Social Problems #3

Causes of Poverty:

A View from the Functionalist, Conflict
and Interactionist perspective

Causes of Poverty

A View from the Functionalist, Conflict

and interactionist perspective.


Causes of Poverty

Everyone feels that they know the causes of poverty. The concept of poverty is very complex. It has so many factors and causes that not one single perspective can have the exact cause.


Causes of Poverty

Let’s make a list of the causes of poverty.


Functionalist Perspective

Functionalist Perspective

Functionalists believe in the stratification system.

Davis and Moore (1945) (Two Sociologists) stated that all societies must ensure that people will fill essential positions and perform important tasks. Some positions and tasks are more important or more difficult than others.


Functionalist Perspective

People who fill the more difficult or more essential tasks are given greater rewards – both economic and social – as a consequence.

According the functionalist view, people who do not perform useful tasks receive fewer rewards.

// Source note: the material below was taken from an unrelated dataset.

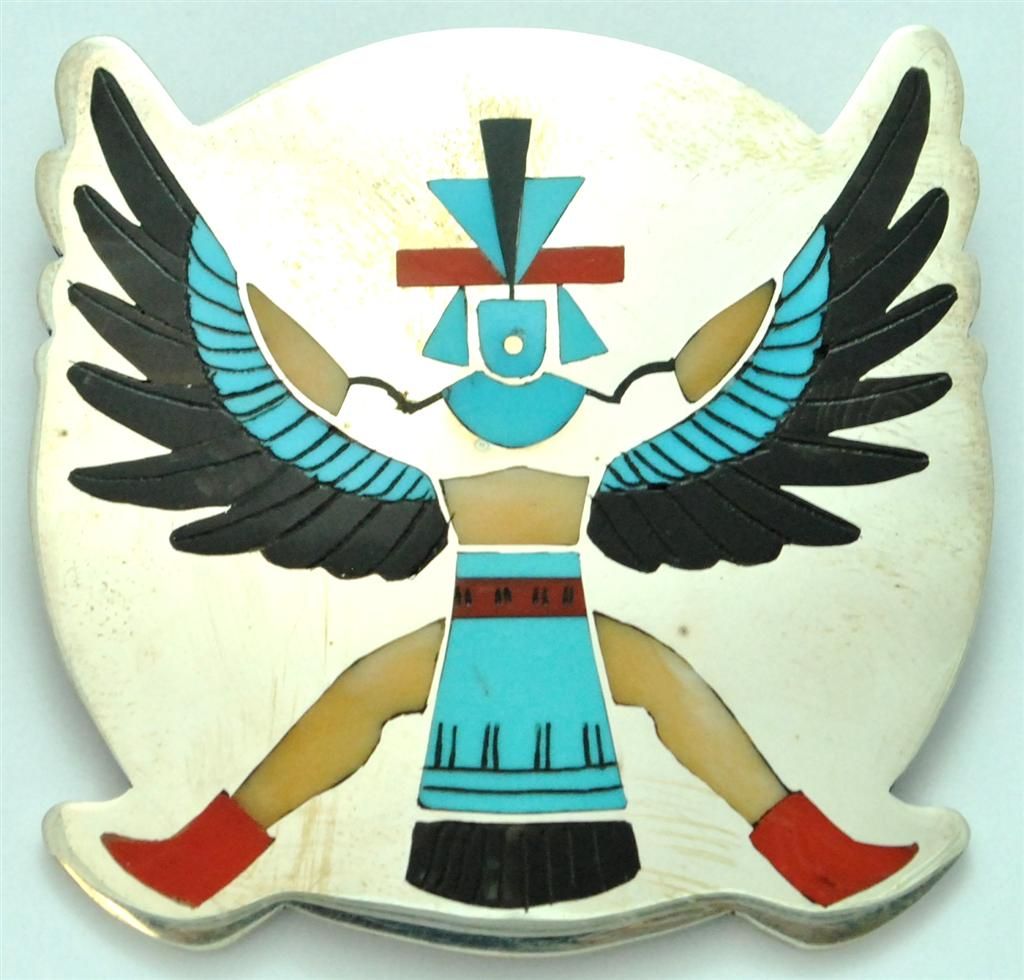 Zuni Multi-Stone Knife Wing Large Pendant & Pin - Harlan & Monica Coonsis

Reward = Job done to give back to society.


Functionalist Perspective

When the link between what a person does and what he or she receives becomes vague or broken entirely, then social disorganization can result.

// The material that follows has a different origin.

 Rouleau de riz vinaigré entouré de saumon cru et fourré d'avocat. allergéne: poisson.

People no longer believe that work will be rewarded and so stratification is no longer a motivation for people. This id due the discrimination in the job market.


Functionalist Perspective

The Economy

In the realm of poverty, normal and sometimes desirable changes in the economy can affect the level of poverty.

Unemployment and Inflation are indirectly related.

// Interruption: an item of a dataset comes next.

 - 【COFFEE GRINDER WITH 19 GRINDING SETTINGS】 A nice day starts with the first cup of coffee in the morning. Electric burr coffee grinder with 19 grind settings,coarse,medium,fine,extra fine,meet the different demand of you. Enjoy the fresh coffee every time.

To reduce inflation there needs to be a increase in unemployment.


Functionalist Perspective

Structural Unemployment

When unemployment serves a purpose like decreasing the inflation rate then it is the very part of the economy.


Functionalist Perspective

According to some functionalists, one of the reasons that poverty persists is that it performs some positive functions for society or at least for some groups in society.


Functionalist Perspective

Herbert J. Gans (1994) wrote about the benefits that poverty gives to society:

The existence of poverty ensures that society’s "Dirty Work" will be done. (examples: Dish Washing, Farm Workers, ect.)

Poverty subsidizes many of the activities of the more affluent because the poor are willing to work for low wages. (House Keeping)


Functionalist Perspective

Poverty Creates jobs for all those people who serve the poor, such as social workers, or who protect society from them, such as police and corrections officers.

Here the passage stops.